2) Everyone (apart from the visitor who triggers the page generation) gets the
cached page.

3) Portions of the page that are user-specific--hence skipping the cache--load
dynamically when they are almost scrolled into view (sorry JS haters). Same
with many images.

4) Requests are piped through CloudFlare for some free CMS.

5) Remaining static files are served via a low-cost CMS.

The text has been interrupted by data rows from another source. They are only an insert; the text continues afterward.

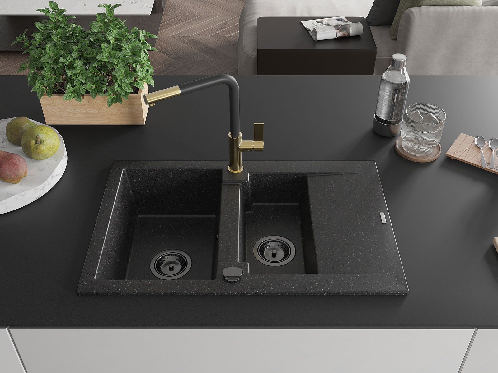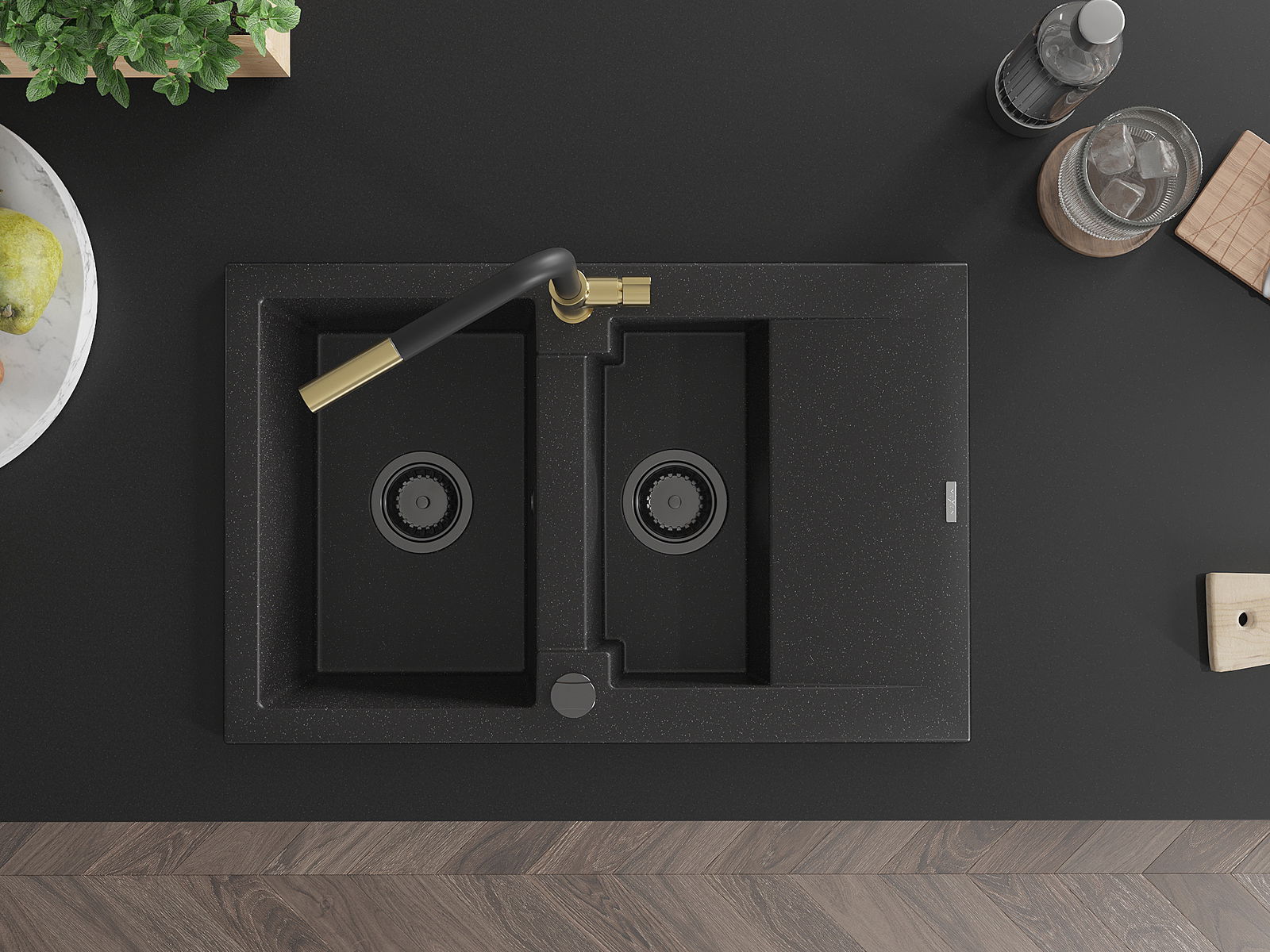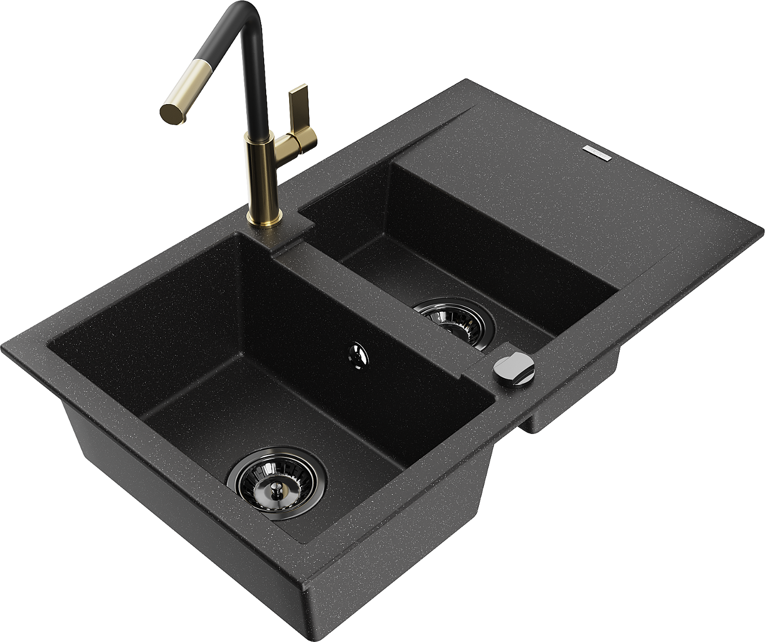 Mexen Gaspar žulový dřez 1,5-komorový s odkapávačem a kuchyňskou baterií Flora, černý/stříbrný - 6507-73-670401-57-B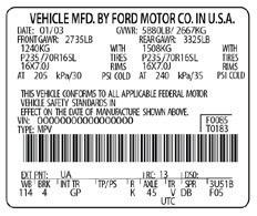 2 July 2023 fenderbender.com For additional information about Auto Data Labels visit our website at www.AutoDataLabels.com or call us at (631) 667-2382. NOTE: When ordering online or by email you will need to include a photo of the label you would like replaced. OUR LABELS WILL COMPLETE YOUR REPAIR! WITH AUTO DATA LABELS, YOU GET: EASY ORDERING ● FAST 1-3 DAY DELIVERY ● HIGH QUALITY MATERIALS RESTORES THE VEHICLE TO ITS ORIGINAL CONDITION VEHICLE EMISSION CONTROLINFORMATION Conforms to regulations: 2016 MY California:Not for sale in states with California emissions standards. TWC/HO2S/WR-HO2S/CAC/TC/DFI U.S. EPA:T2B4 LDV 2.3L-Group: GFMXV02.3VJW Evap: GFMXR0125NBV No adjustments needed. FED OBD II Fuel: Gasoline ABZ EMISSIONS ANTI-THEFT PAINT AND TRIM TIRE AND LOADING TIRE AND LOADING INFORMATION TIRE SIZE COLD TIRE PRESSURE 303kpa 44psi 303kpa 44psi 303kpa 44psi The combined weight of occupants and cargo should never exceed 505 Kg or 1114 Lbs. P265/70R17 P265/70R17 P265/70R17 FRONT REAR SPARE SEE OWNERS MANUAL FOR ADDITIONAL INFORMATION SEATING CAPACITY TOTAL 3FRONT 3REAR 0 VIN LABEL SERVICE PARTS 145 JTHCE96S870000000 145 JTHCE96S870000000 PQTP6P TG33405 BC/CC U 8624 93G 1GTZ7TBG6B1000000 135 0 C6 0 KC4 PDN US8 XHH ZX2 C6Y JL4 N33 USR WEN ZW9 93 B38 JH6 NU4 UJM V8D ZW3 93G BA3 G8 0 NE1 T74 V37 ZR7 7AL A31 GU6 NCF TGA V22 ZQ3 6AL A13 FHS MYD SLM V14 ZQ2 5 0U A12 E24 L96 R9N VT7 ZHH 1WT AXK EVA K68 R8A VR4 YHH 1SZ AU3 EF7 K34 R6C VK3 YD6 Z88 AS5 D31 KUP QB5 U73 YD5 Z82 AJ3 DE5 KD1 PPC UY7 YD3 ZY1 ©2020 LKQ Corporation. Visit us at Shop.LKQcorp.com and LKQcorp.com. | ADL-AUAOT0006-FLE Contact Us : Contact your LKQ/Keystone Local Sales Rep Upload your photos to the Website: www.AutoDataLabels.com Email your photos: Labels@AutoDataLabels.com Use the App: Download the ADL App And Upload your Photos VEHICLEMFD.BYFORDMOTORCO.INU.S.A. DATE: THISVEHICLECONFORMSTOALLAPPLICABLEFEDERALMOTOR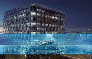 ଯାହା ଦେଖିବାକୁ ଖୁବ୍ ଆକର୍ଷଣୀୟ। ଏହାର ଗଭୀର ୩ ମିଟର ଏବଂ ଲମ୍ବ ୨୫ ମିଟର। ତଳେ ଠିଆ ହୋଇ ପୁଲ୍କୁ ଚାହିଁଲେ ସନ୍ତରଣକାରୀଙ୍କୁ ବେଶ୍ ଭଲ ଭାବେ ଦେଖି ହେବ। ପୁଲ୍ର ଉପଯୋଗକର୍ତ୍ତା ଦୁଇ କୋଠା ମଝିରେ ପହଁରିବା ପାଇଁ ଅନୁମତି ମଧ୍ୟ ଦେଇ ସାରିଛନ୍ତି। କାରଣ ଡବଲ ପର୍ସ ଅନୁସାରେ ଏହାର ନିର୍ମାଣ କରାଯାଇଛି।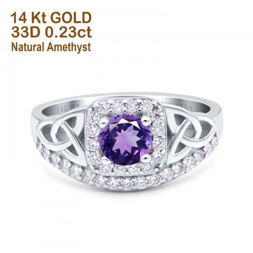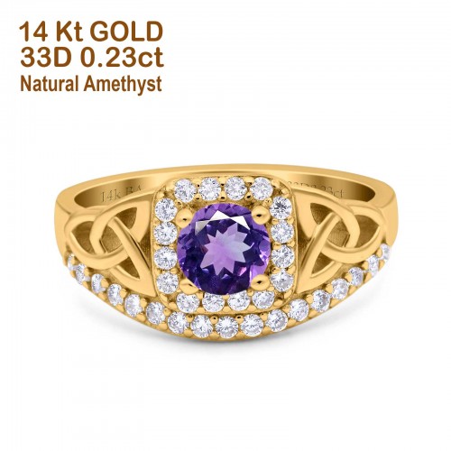 14K Rose Gold 0.69ct Round Art Deco 5mm G SI Natural Amethyst Diamond Engagement Wedding Ring Size 6.5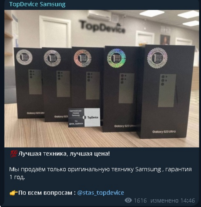 Стас (ник Stanislav topstore в TG) утверждает, что является представителем магазина электронной техники TopStore в Телеграме, где представлен бренд Samsung. На момент написания обзора найти такой канал в ТГ не удалось. Но мы узнали, что ранее его магазин назывался иначе – TopDevice Samsung, и ник у продавца был другой – Stas TopDevice.

This setup has managed to remain online with as many as 6,800 concurrent
visitors, though at that point it started barfing '500 Internal Server Error's
into some viewports.

I avoid stale cache files by just dumping the entire cache any time any
content-altering event occurs (e.g., new comment, edited post, etc). Since
it's on a RAMDisk, it's quick to delete and rebuild. When our traffic is huge,
it's always concentrated on one or two pages, so the important part of the
cache is quickly restored.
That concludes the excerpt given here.